= Matmice =

Former social networking website

MatMice was a free invite-only social networking website aimed at children and teenagers, founded by three sisters in 2000. Until February 2007, the website based itself on free webpages for children, with basic tools and HTML support, and 1,758,660 members joined, hundreds joining each day.

==History==
MatMice won numerous awards due to its free to use basis aimed primarily at children, and was recognised as a leader in development of user friendly technology easily accessible to children. Special attention was drawn to the website's achievement of top prize at the Cable & Wireless Childnet Awards. MatMice also had plans to utilize other languages.
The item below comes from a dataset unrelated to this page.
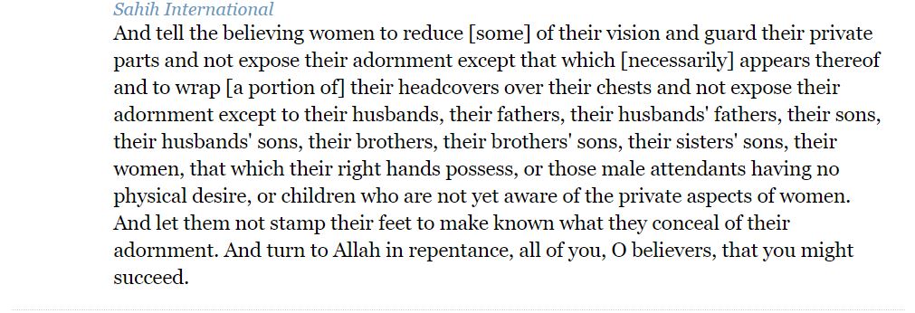 “Tell the believing men to lower their gaze and to be mindful of their chastity: this will be most conducive to their purity – [and,] verily, God is aware of all that they do. And tell the believing women to lower their gaze and to be mindful of their chastity, and not to display their charms [in public] beyond what may [decently] be apparent thereof; hence, let them draw their head-coverings over their bosoms. And let them not display [more of] their charms to any but their husbands, or their fathers, or their husbands’ fathers, or their sons, or their husbands’ Sons, or their brothers, or their brothers’ sons, or their sisters’ sons, or their womenfolk, or those whom they rightfully possess, or such male attendants as are beyond all sexual desire, or children that are as yet unaware of women’s nakedness; and let them not swing their legs [in walking] so as to draw attention to their hidden charms And [always], O you believers – all of you – turn unto God in repentance, so that you might attain to a happy state!” (The Quran 24:30-31)

In 2003, the oldest of the MatMice creators, Emily Boyd was awarded the NSW Young Australian of the Year and honoured with the Centenary Medal. This award recognises her as making contributions to Australian society or government.

==Closing==
On September 22, 2008, MatMice officially closed, members had no access to their pages, and were redirected to the main page with the announcement of their closure:

MatMice is now closed. As announced earlier, MatMice closed on Monday September 22, 2008. We started MatMice more than 8 years ago (when we were 16, 14, and 10 years old) so that we could help other kids to make their own homepages. MatMice has been a big part of our lives, but unfortunately the three of us no longer have the time that's needed to keep the site running smoothly or add new stuff. :( We want to say a huge thank you to everyone who's been part of MatMice since we started!
- Emily, Sarah, and Elise, MatMice Founders

Emily Boyd is also one of the founders of Remember the Milk.